Technical Specification
The Inflation Params will be stored in the x/ugov
module:
// maximum supply in base denom (uumee)
max_supply sdk.Coin
// length of the inflation cycle
inflation_cycle_duration time.Duration
// in basis points. 12 corresponds to 0.012. New inflation is calculated as:
// old_inflation * (10'000 - inflation_reduction_rate)/10'000
inflation_reduction_rate bpmath.FixedBP
See Ugov Proto for inflation params
InflationCalculationFn
The inflation calculation logic will be implemented as follows:
Input: sdk.Context, minter, mint module params , bondedRatio
Output: Inflation
Function inflationRate(ctx , minter, mintParams, bondedRatio):
INFLATION_PARAMS = // GET INFLATION_PARAMS FROM UGOV MODULE
MAX_SUPPLY = // MAX SUPPLY OF MINTING DENOM FROM INFLATION_PARAMS
TOTAL_TOKENS_SUPPLY = // TOTAL SUPPLY OF MINTING DENOM
If TOTAL_TOKENS_SUPPLY.GTE(MAX_SUPPLY) :
// supply has already reached the maximum amount, so inflation should be zero
Return sdk.ZeroDec()
INFLATION_CYCLE_END_TIME = // CURRENT INFLATION CYCLE END TIME FROM UGOV STORE
If ctx.BlockTime > INFLATION_CYCLE_END_TIME:
// new inflation cycle is starting, so we need to update the inflation max and min rate
factor = 1 - INFLATION_PARAMS.InflationReductionRate // 1 - 0.25 = 0.75
mintParams.InflationMax = factor.MulDec(mintParams.InflationMax)

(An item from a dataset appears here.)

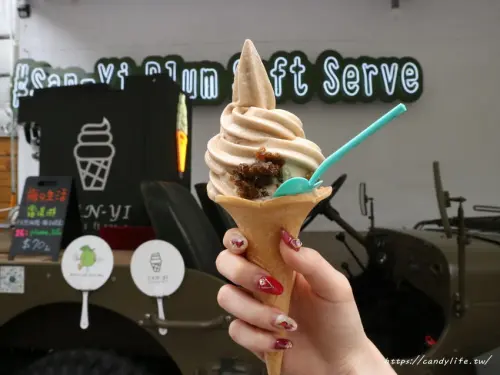 台中美食│梅の生活〃熱熱天氣來支清爽梅子霜淇淋,現場還有威力吉普車可以打卡拍照喔~

mintParams.InflationMin = factor.MulDec(mintParams.InflationMin)
MintKeeper.SetParams(ctx, mintParams)
// SET CURRENT NEW INFLATION CYCLE END TIME IN UGOV STORE
CYCLE_END_TIME = ctx.BlockTime().Add(INFLATION_PARAMS.InflationCycle)
Inflation = minttypes.DefaultInflationCalculationFn(ctx, minter, mintParams, bondedRatio)
// if the newly minted coins will exceed the MaxSupply, and adjusts the inflation accordingly.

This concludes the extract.